VisionHub is the system that allows GroupM to analyze how the advertising campaigns of their agencies are working in the real world, and to help them provide ROI figures to their advertisers. By aggregating the information supplied by different AdServers, in different formats, and building a data warehouse and a querying system on top of it, we’re able to provide the business the insight they need in a fast and easy way. They’re able to take action faster than ever, and be on top of the market at all times.
GroupM had a production system with an aging architecture and a convoluted processing pipeline. Any error in a single file could halt the whole file ingestion process for all the system, and any modification was a cumbersome and dangerous endeavor. The provided way of querying the available information was static, and didn’t provide the required level of detail.
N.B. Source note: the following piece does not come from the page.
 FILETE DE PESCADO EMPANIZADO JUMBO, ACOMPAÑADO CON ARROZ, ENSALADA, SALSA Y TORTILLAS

VisionHub works by leveraging the power of the Azure platform, with files being downloaded from an Azure Worker role into Azure Blob Storage, where they are ingested into a Data Warehouse also in Azure Blob Storage. All query operations are managed from an Azure Website UI which relays those queries into one (or more) HDInsight clusters. This ensures the architecture can be easily scaled to suit the business needs at any time.
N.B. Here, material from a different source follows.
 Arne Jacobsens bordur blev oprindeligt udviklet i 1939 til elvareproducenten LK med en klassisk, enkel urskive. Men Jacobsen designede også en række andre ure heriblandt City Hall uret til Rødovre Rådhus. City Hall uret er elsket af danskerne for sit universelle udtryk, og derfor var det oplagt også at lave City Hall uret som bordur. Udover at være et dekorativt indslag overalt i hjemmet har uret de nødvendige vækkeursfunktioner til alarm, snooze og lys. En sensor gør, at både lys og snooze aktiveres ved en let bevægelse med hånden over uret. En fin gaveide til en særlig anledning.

VisionHub works with HDInsight by having both permanent clusters to ingest the data into the system as available, or execute simple data extraction queries, and also a cluster on demand system that allows a user to run costly data processing queries that work with vast amounts of data.
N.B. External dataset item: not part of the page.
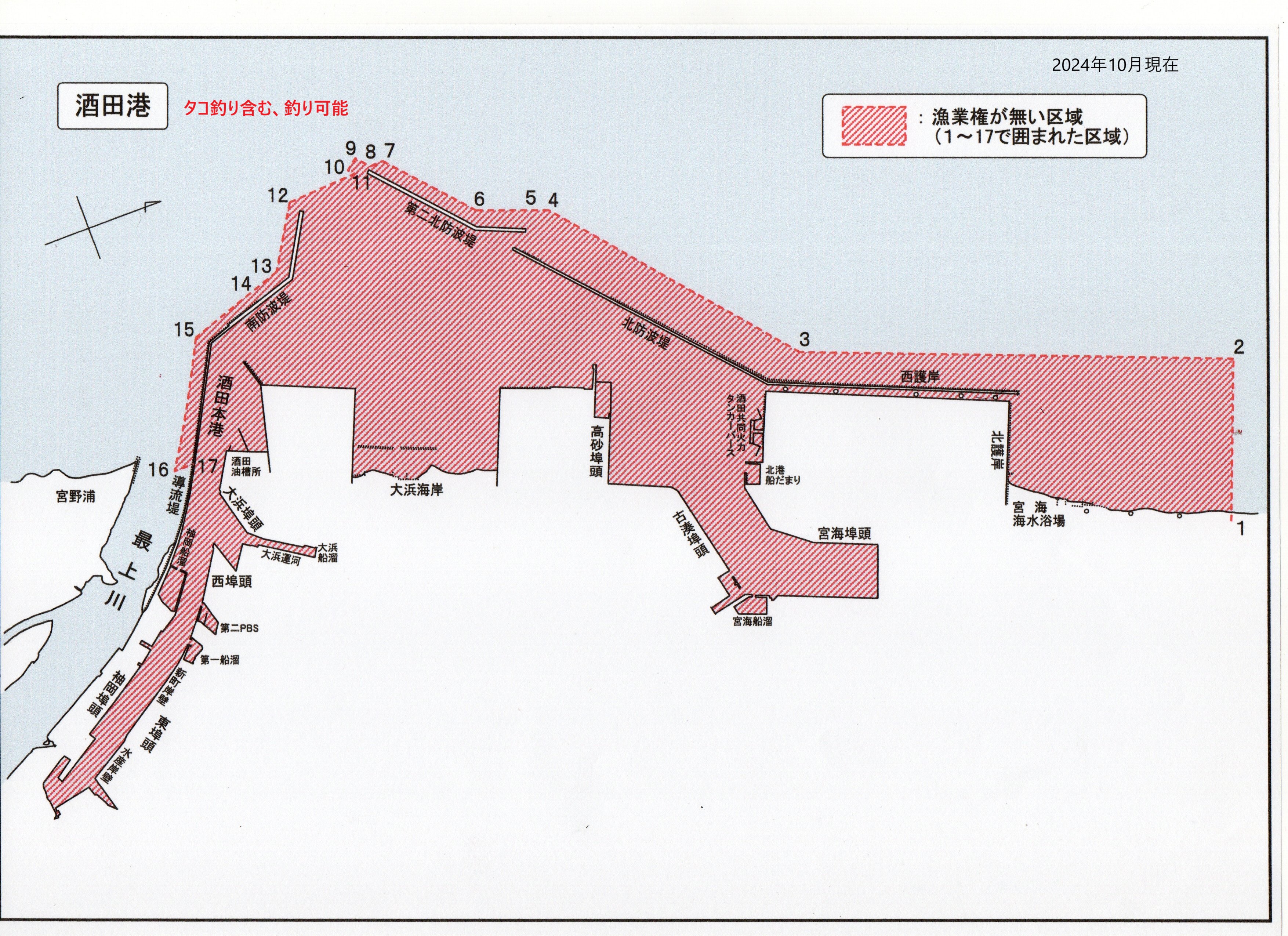 山形県内は漁業権が消滅している酒田港全域と宮海海水浴場一帯、

Storing all the data in the Azure Blob Storage system lets VisionHub store years of data at a very low cost, and also provides replication and ease of access for the ingestion and processing using HDInsight.
The data ingestion system can be easily modified to suit the changing needs of the business: new rows, schema changes, etc.
MASSIVE AMOUNTS OF DATA
The current Data Warehouse holds more than 150 Tb.
Users can run simple data extraction jobs, or massive queries that summarize the information from millions of rows into only a few.
EASY TO UNDERSTAND
The UI allows the user to execute complex queries by selecting a few key values.